* _ACTION ITEM_:
In the listing below, find the line with "This bingo card" and copy every line from there up to and including the line with "Via de hal stapt", exactly and without pictures.
* * *
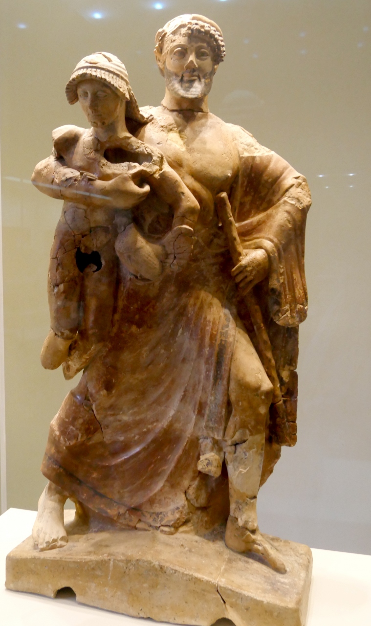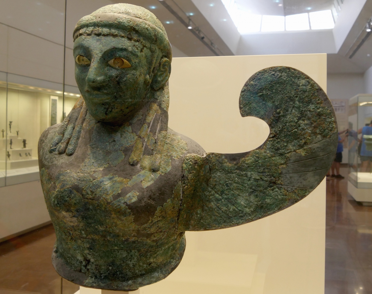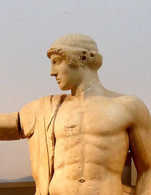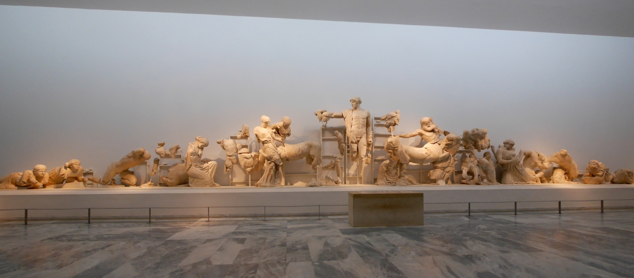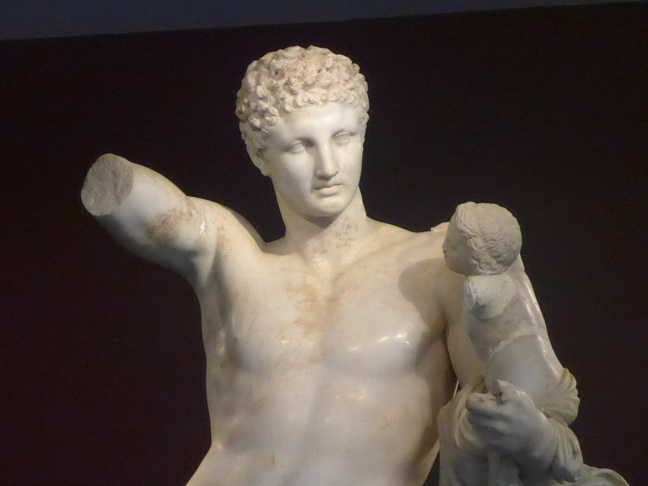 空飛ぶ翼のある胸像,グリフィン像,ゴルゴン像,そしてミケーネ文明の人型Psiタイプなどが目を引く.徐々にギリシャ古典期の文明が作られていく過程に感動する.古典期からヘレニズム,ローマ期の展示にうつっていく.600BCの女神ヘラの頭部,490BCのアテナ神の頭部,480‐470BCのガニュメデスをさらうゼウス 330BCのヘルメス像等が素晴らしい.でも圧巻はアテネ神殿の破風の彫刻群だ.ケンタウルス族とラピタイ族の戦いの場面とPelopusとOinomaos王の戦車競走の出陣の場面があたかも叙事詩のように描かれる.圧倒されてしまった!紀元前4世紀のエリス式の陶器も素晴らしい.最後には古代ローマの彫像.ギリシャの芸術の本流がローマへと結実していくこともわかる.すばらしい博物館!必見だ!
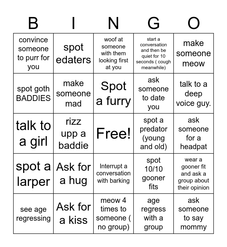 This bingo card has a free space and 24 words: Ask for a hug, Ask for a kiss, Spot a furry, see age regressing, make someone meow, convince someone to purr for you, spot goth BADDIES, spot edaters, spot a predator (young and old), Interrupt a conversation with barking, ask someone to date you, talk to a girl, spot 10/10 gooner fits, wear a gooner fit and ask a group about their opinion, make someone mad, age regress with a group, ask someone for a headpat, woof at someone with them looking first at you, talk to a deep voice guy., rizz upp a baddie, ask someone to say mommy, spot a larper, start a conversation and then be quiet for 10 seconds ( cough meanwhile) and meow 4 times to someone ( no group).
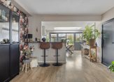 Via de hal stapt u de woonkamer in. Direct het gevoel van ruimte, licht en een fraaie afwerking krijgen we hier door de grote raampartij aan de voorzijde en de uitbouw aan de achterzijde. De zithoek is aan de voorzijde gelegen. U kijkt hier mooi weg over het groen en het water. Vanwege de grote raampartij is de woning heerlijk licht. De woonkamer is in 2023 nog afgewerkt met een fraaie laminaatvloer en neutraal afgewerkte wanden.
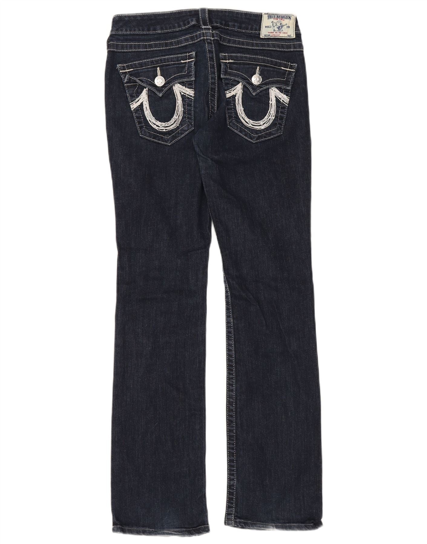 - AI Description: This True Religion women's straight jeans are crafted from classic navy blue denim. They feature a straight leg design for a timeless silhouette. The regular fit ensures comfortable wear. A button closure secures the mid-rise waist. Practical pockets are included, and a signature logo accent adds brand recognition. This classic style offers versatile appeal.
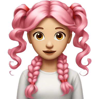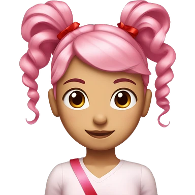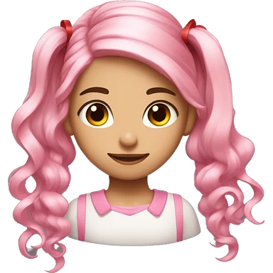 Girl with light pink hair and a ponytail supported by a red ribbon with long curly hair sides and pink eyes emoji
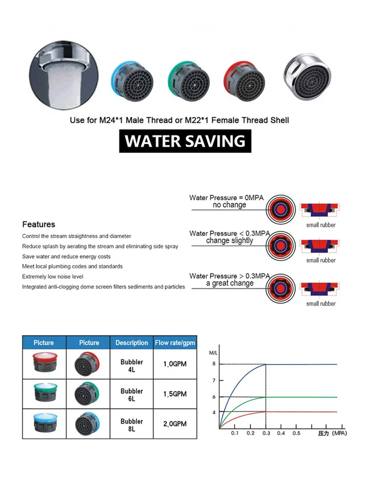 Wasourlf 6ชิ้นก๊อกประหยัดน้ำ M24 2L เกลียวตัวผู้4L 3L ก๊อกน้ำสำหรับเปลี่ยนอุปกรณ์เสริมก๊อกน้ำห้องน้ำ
* * *
* _RESPONSE TO THIS EXERCISE_:
 This bingo card has a free space and 24 words: Ask for a hug, Ask for a kiss, Spot a furry, see age regressing, make someone meow, convince someone to purr for you, spot goth BADDIES, spot edaters, spot a predator (young and old), Interrupt a conversation with barking, ask someone to date you, talk to a girl, spot 10/10 gooner fits, wear a gooner fit and ask a group about their opinion, make someone mad, age regress with a group, ask someone for a headpat, woof at someone with them looking first at you, talk to a deep voice guy., rizz upp a baddie, ask someone to say mommy, spot a larper, start a conversation and then be quiet for 10 seconds ( cough meanwhile) and meow 4 times to someone ( no group).
 Via de hal stapt u de woonkamer in. Direct het gevoel van ruimte, licht en een fraaie afwerking krijgen we hier door de grote raampartij aan de voorzijde en de uitbouw aan de achterzijde. De zithoek is aan de voorzijde gelegen. U kijkt hier mooi weg over het groen en het water. Vanwege de grote raampartij is de woning heerlijk licht. De woonkamer is in 2023 nog afgewerkt met een fraaie laminaatvloer en neutraal afgewerkte wanden.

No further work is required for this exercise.